In recent years, GPGPUs and FPGAs were applied to accelerate computation in sound field rendering because of their coarsegrain parallelism of thousands of arithmetic units [13-22]. Currently, an FPGA chip has more hardware resources owing to the development of fabrication technology, including thousands of hardened floating-point arithmetic units, large on-chip block memories, millions of reconfigurable logic blocks.

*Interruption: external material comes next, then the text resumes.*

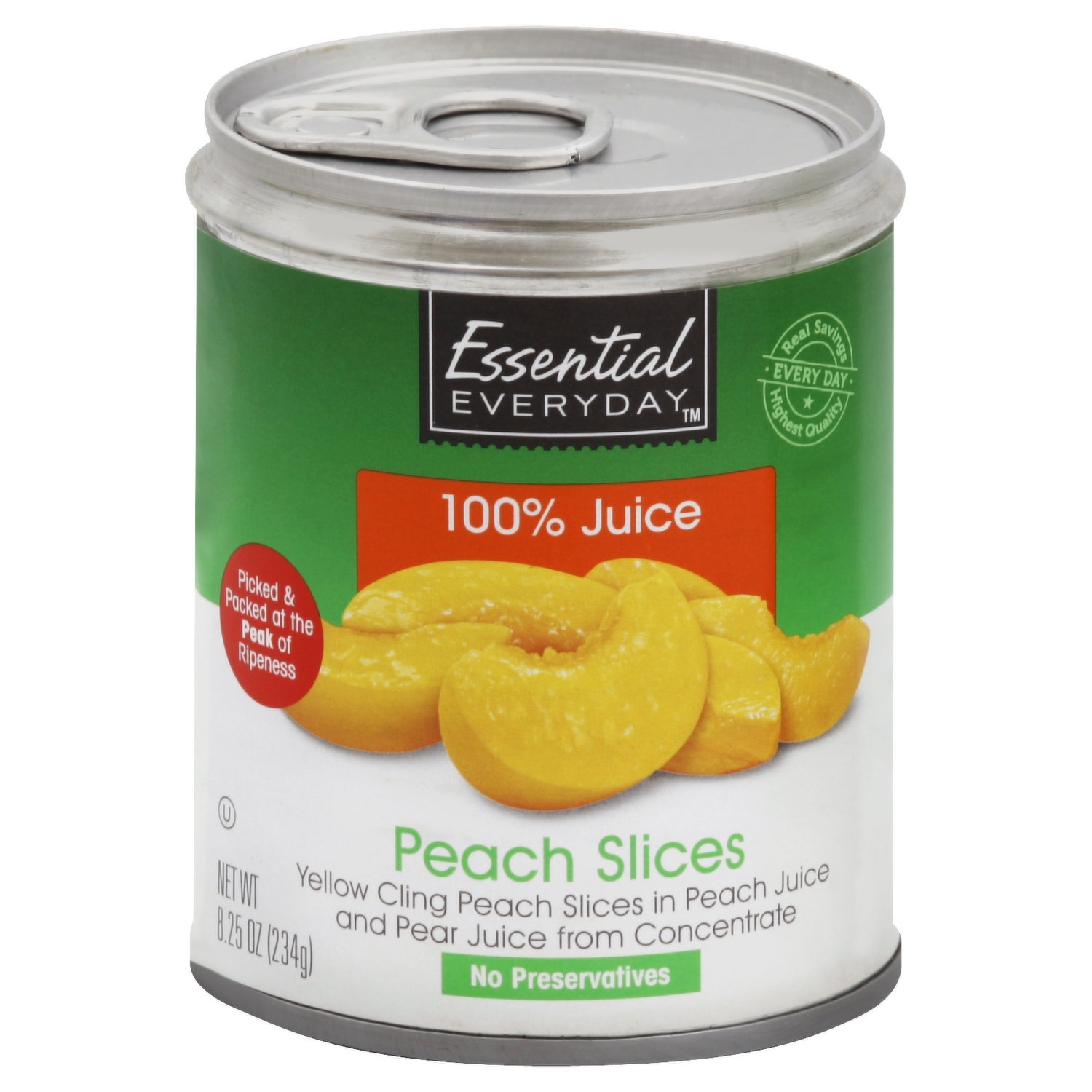 slide 1 of 2, Essential Everyday Peach Slices 100% Juice, 8.25 oz
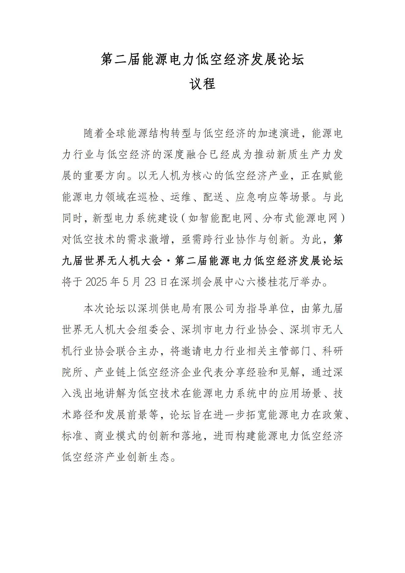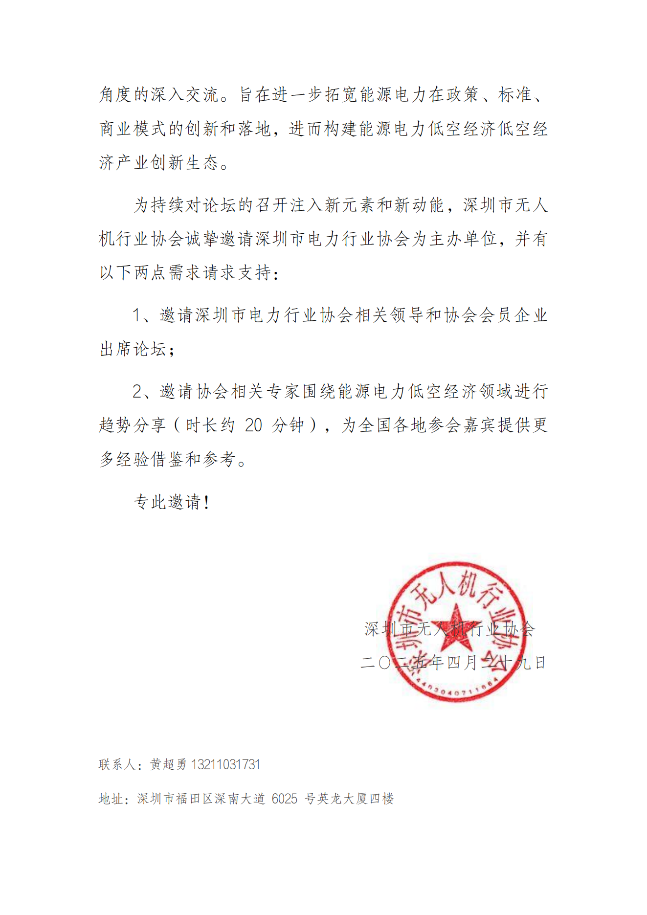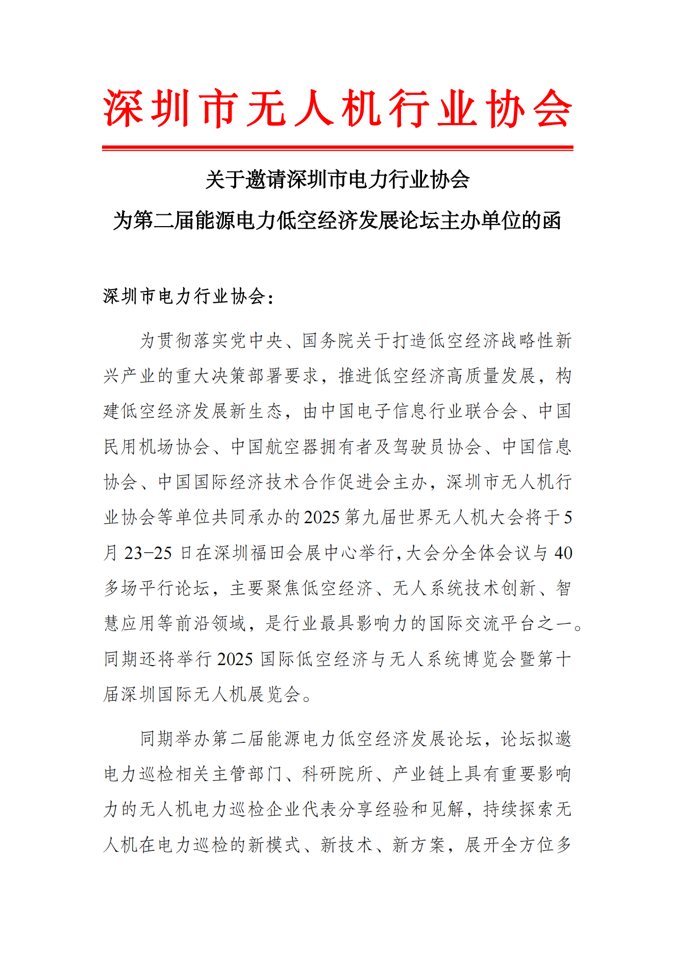 关于邀请深圳市电力行业协会为第二届能源电力低空经济发展论坛主办单位的函

Unlike software simulations on PCs and GPGPUs, FPGA-based sound rendering systems directly implement sound wave equations by configurable logic blocks and hardened arithmetic units inside an FPGA. The system data-path and input/output (I/O) interfaces can be customized in accordance to applications, and thousands of arithmetic units are coordinated to work in parallel to improve computation performance. The incident signals and the rendering results can be directly put in and out through the customized I/O interfaces. From the point of view of real-time processing, FPGA provides a promising solution to real-time sound rendering applications. In our previous work, a FPGA-based accelerator was developed for real-time sound field rendering [17-23]. Although the accelerator outperformed PC-based simulations significantly in

<sup>\*</sup> This work was supported by the I-O DATA foundation and JSPS KAKENHI Grant Number JP19K12092.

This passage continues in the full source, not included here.